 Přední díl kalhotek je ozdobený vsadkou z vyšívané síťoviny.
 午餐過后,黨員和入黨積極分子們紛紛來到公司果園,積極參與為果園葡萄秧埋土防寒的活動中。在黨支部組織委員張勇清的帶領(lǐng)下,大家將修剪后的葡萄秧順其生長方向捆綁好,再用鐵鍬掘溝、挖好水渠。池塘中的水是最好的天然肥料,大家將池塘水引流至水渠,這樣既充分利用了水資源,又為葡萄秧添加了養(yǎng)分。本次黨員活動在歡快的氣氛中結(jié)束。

==

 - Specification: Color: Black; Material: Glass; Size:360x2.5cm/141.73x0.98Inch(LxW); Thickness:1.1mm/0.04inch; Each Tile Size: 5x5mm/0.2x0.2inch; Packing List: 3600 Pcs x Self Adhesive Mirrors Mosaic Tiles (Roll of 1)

---

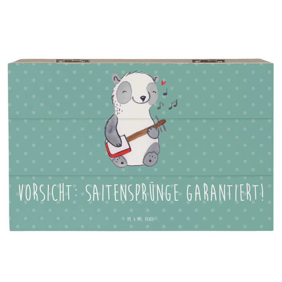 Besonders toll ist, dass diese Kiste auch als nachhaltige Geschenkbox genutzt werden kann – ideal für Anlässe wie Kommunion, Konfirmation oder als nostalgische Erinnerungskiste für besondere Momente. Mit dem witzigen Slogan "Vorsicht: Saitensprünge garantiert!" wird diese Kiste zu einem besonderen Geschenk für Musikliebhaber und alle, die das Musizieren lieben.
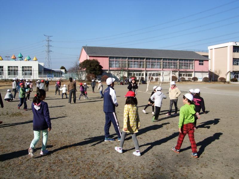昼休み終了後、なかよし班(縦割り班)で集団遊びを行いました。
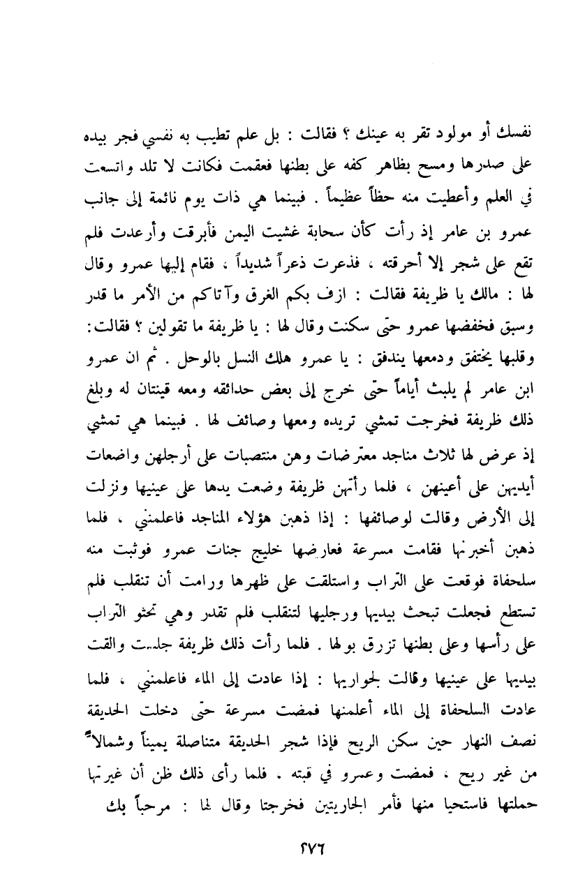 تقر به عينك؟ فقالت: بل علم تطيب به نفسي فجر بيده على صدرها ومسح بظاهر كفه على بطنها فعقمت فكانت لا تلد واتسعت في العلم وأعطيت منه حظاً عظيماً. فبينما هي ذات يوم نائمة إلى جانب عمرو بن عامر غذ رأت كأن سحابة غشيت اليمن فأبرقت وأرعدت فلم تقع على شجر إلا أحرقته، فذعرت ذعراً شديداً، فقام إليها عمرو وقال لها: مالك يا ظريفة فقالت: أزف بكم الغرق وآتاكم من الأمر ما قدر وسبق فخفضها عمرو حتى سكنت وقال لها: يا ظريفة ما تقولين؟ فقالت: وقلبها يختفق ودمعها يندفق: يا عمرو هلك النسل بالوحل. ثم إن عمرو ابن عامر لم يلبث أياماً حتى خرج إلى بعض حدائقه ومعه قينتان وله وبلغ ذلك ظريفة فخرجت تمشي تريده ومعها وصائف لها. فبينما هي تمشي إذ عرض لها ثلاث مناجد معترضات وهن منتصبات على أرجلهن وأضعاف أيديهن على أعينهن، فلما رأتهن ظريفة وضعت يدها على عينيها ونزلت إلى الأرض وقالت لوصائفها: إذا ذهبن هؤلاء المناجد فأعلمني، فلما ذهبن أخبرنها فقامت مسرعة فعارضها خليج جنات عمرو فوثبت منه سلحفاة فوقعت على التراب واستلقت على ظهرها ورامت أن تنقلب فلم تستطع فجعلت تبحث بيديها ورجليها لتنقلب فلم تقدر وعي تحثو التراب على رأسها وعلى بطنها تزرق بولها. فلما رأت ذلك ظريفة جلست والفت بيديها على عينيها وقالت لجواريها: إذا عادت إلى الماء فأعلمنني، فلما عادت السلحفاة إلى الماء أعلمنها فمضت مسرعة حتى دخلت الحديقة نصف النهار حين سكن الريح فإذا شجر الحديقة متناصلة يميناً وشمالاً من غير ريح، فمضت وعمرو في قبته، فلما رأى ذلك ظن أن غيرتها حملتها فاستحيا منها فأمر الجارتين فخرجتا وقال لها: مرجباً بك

WHAT YOU SHOULD DO
Your answer should consist only of the lines above between the line holding "Přední díl kalhotek" and the line holding "午餐過后,黨員和入黨積極分子", inclusive, each transcribed exactly.

TASK OUTPUT
 Přední díl kalhotek je ozdobený vsadkou z vyšívané síťoviny.
 午餐過后,黨員和入黨積極分子們紛紛來到公司果園,積極參與為果園葡萄秧埋土防寒的活動中。在黨支部組織委員張勇清的帶領(lǐng)下,大家將修剪后的葡萄秧順其生長方向捆綁好,再用鐵鍬掘溝、挖好水渠。池塘中的水是最好的天然肥料,大家將池塘水引流至水渠,這樣既充分利用了水資源,又為葡萄秧添加了養(yǎng)分。本次黨員活動在歡快的氣氛中結(jié)束。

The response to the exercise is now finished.